I didn’t optimize the heck out of the cache, I just did it quickly with what was easily to hand. The same caching system can be used by both Perl6MultiSub and Parrot ops, and in the future the Parrot MultiSub PMCs too (which the compiler users, so we may get a small performance gain there, but it won’t be much). I got Perl6MultiSub using it and, after fixing a bug involving arguments instantiated from anonymous classes, all tests passed with the cache. The performance was an improvement. I ran as a benchmark:

multi sub foo(Int $x) { 1 }
multi sub foo(Num $x) { 2 }
loop (my $i = 1; $i < 25000; $*i*++) {
    foo(4);
    foo(4.2);
}

Without the cache, it takes 20.25s on my box; with the cache it runs in 6.953s. Note that only part of the time in the execution is spent in the dispatcher, and it takes well over 3 times improvement in dispatch time itself to make the whole program run in less than a third of the time. So, that’s a satisfying improvement (though looking at the times, we’re still only making 3500 calls to a multi sub per second here…then, this is an unoptimized Parrot build and the Parrot calling conventions that actually do the args passing are a known area in need of optimizing, plus we’re waiting on GC improvements too, so I’m optimistic that once the other factors improve we’ll be doing better).

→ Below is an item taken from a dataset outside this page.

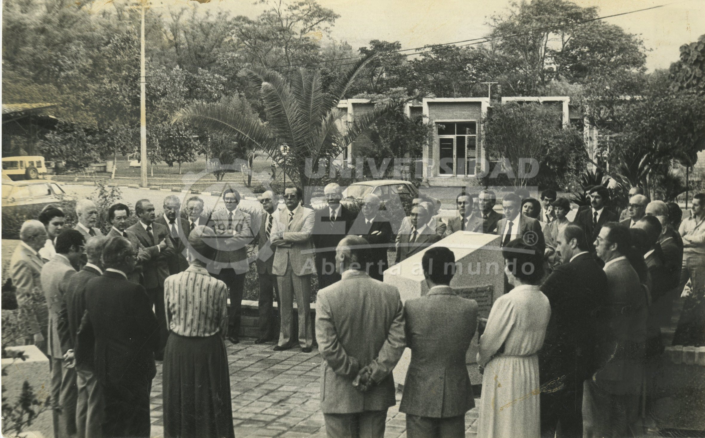 Fotografía tomada durante la inauguración de la plazoleta con las placas a los fundadores, primeros graduados y rectores, hoy ubicada frente al bloque 26, el 29 de julio de 1981. Vista lateral.

So how does the cache actually work? We cache on the types of the arguments. This involves collecting their type identifiers and, for now, building a hash key out of them. In the future we may be able to do something smarter. But it means that if you have the operator infix:+ and it has been overloaded plenty, and you’re calling it repeatedly with a type it hasn’t been overloaded for, you’ll now just hit the cache each time after the first call, rather than having to run through a bunch of type-narrower candidates that come before the more general candidate.

Note that, due to a few Parrot test fails we’re tracking down in the use of the cache with MMD’d Parrot ops (not directly a problem in the cache itself, but providing the right info to the cache), it’s currently in a branch. All Rakudo’s tests and the same bunch of spectests are passing with the cache, however, so Rakudo is ready to run with it. We’ll get it merged soon - maybe even later today or tomorrow.

Things coming very soon: making multi methods work as well as multi subs with the new dispatch algorithm and supporting the double semicolon to specify some parameters are not part of the long name and should not be dispatched on. Thanks to DeepText for funding this MMD work.